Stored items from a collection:
____________________

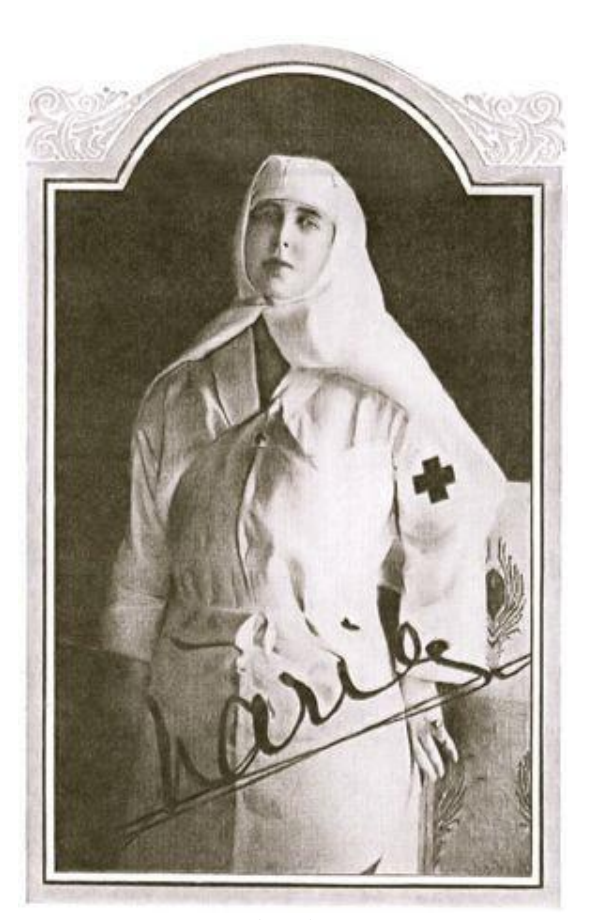
Fig. 1: Postcard with Queen Mary as nurse, autographed. This kind of postcards was distributed personally by the queen to the injured soldiers.

Red Cross on her dress. In Fig. 1 we display one of these hand signed postcards (from a private collection).
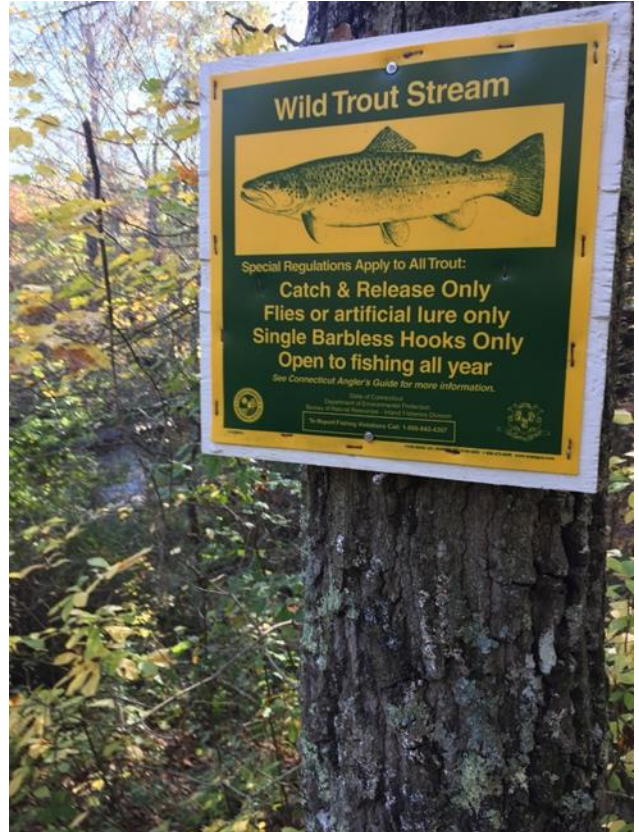
Many of CT's small waters contain wild trout. Those where there is good public access and enough fish to support angling are part of the Wild Trout Management program

Evaluation of growth and survival over the past decade has indicated that in many cases the juvenile or fry Brown Trout grow to be brightly colored, wild-looking fish. It has also been documented that these stockings can produce fishable densities of catchable-size trout, while some fish also migrate out from their “nursery” stream to become part of the Housatonic River TMA fishery.
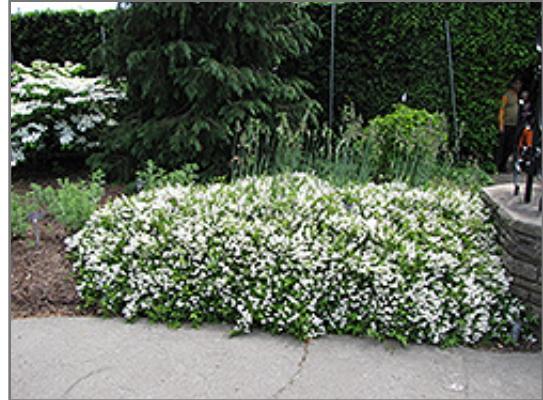
Nikko Deutzia in bloom

Nikko Deutzia is recommended for the following landscape applications;
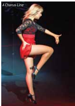
A Chorus Line
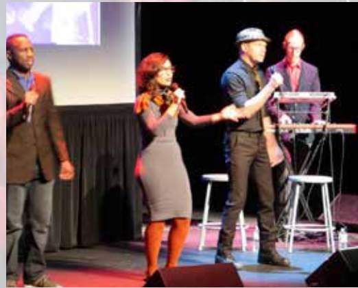
The PepTides keynote speakers - ARTPRENEUR Ottawa Conference Saturday, Oct. 17, 2015.

On October 17 along with our co-producing partners (Ottawa School of Art, Shenkman Arts Centre and Wallack's Art Supplies), we welcomed 150 delegates, exhibitors and speakers to our annual full day conference. The theme 'Innovating Indie' responded to a significant trend among artists toward independent creative production and distribution outside of traditional models. Delegates learned how to apply business skills to help them succeed as independent artists or collectives, be clever self-marketers and be inspired by those who know the passion of constant innovation. With keynote by The PepTides, artists from all disciplines made connections and gained new skills.
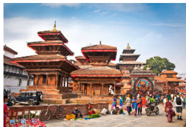
Durbar Square (Royal Square) is Kathmandu's historic center of palaces and temples
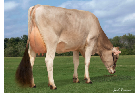
Hilltop Acres Carl Disney Owned by Hilltop Acres, Iowa
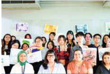
Healing Through Art @ Raffles Wellness Month
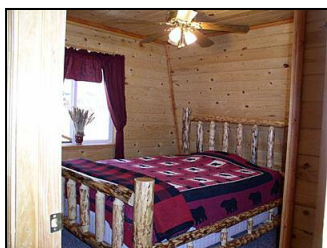
Main Floor Bedroom
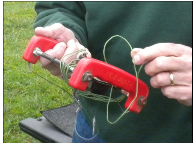
Show-and-tell of the two-pilot handle used in the Prop Spinners' famous 64-hour endurance flight in 1957

____________________

What you need to do: Report how many lines of the entries above contain the word "Deutzia", giving the number by itself.

Reply: 2